MP for Akim Abuakwa North
- In office 7 January 2013 – 9 February 2016
- President: John Mahama
- Preceded by: Samuel Kwadwo Amoako
- Succeeded by: Gifty Twum Ampofo

MP for Akim Abuakwa North
- In office 7 January 2005 – 6 January 2009
- President: John Agyekum Kufour
- Preceded by: Nana Akufo-Addo
- Succeeded by: Samuel Kwadwo Amoako

Personal details
- Born: 2 July 1965 Old Tafo, Eastern Region
- Died: 9 February 2016 (aged 50)
- Party: New Patriotic Party
- Children: 2
- Occupation: Politician
- Profession: Chartered Accountants

= J. B. Danquah-Adu =

Ghanaian politician (1965–2016)

Joseph Boakye Danquah Adu (2 July 1965 – 9 February 2016), was a Ghanaian chartered accountant and politician. He was a member of the Parliament of Ghana for the New Patriotic Party between 2005 and 2009, and once more from 2013 until his death.

==Early life==
JB Danquah Adu was born on 2 July 1965 at Old Tafo in the Eastern Region of Ghana. His grandfather, J. B. Danquah after whom he was named, played a role in Ghana's struggles for independence, a member of a group of politicians nicknamed the Big Six, and later an opponent of Kwame Nkrumah, Ghana's first prime minister and president.

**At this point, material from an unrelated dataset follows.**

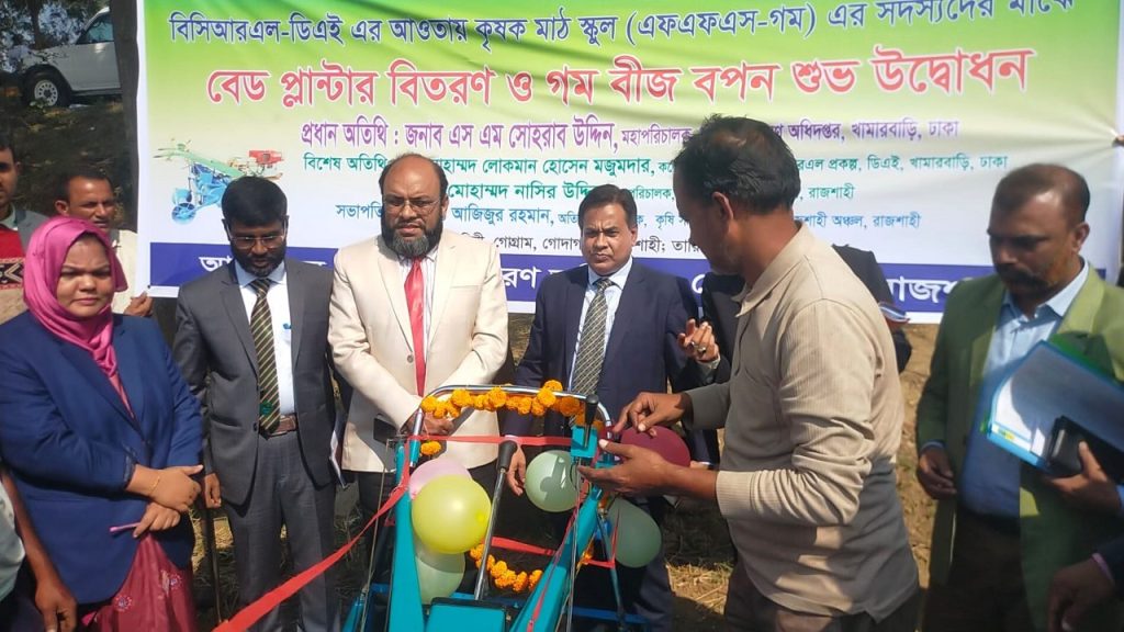 মো. এমদাদুল হক (রাজশাহী): “Building Climate Resilient Livelihoods in Vulnerable Landscapes in Bangladesh (BCRL)” প্রকল্পের আওতায় রাজশাহীর গোদাগাড়ী উপজেলায় বেড প্লান্টার বিতরণ, বেড প্লান্টারের মাধ্যমে গম বীজ বপনের উদ্বোধন এবং কৃষকদের সঙ্গে মতবিনিময় সভা অনুষ্ঠিত হয়েছে। গত ২৭ নভেম্বর অনুষ্ঠানে প্রধান অতিথি হিসেবে উপস্থিত থেকে এসব কার্যক্রমের আনুষ্ঠানিক উদ্বোধন করেন কৃষি সম্প্রসারণ অধিদপ্তরের মহাপরিচালক এস এম সোহরাব উদ্দিন।

The name Danquah is sometimes spelt as Dankwa. His secondary school education was at the Presbyterian Boys' Senior High School at Legon.

==Personal life==
He was married and had two children.

==Life in politics==
He joined Ghana's parliament when he won a seat in the Ghana's general elections in 2004 to represent Abuakwa North. He was appointed as Deputy Minister for Women and Children's Affairs by the John Agyekum Kufuor administration. He lost the seat to, Samuel Kwadwo Amoako, a member of his own party, the New Patriotic Party in the 2008 general elections. He however won it back in the 2012 general elections by beating the National Democratic Congress's Victor Smith. He was a member of both the Special Budgets Committee and the Trade, Industry and Tourism Committee in Ghana's 5th parliament of the 4th Republic.

==Death==
On 9 February 2016, he was stabbed dead in the early hours of the morning. Subsequently, the police arrested a man for the murder. The man, Daniel Asiedu, later confessed to killing the MP, in a struggle as he tried to rob him, and was charged with murder.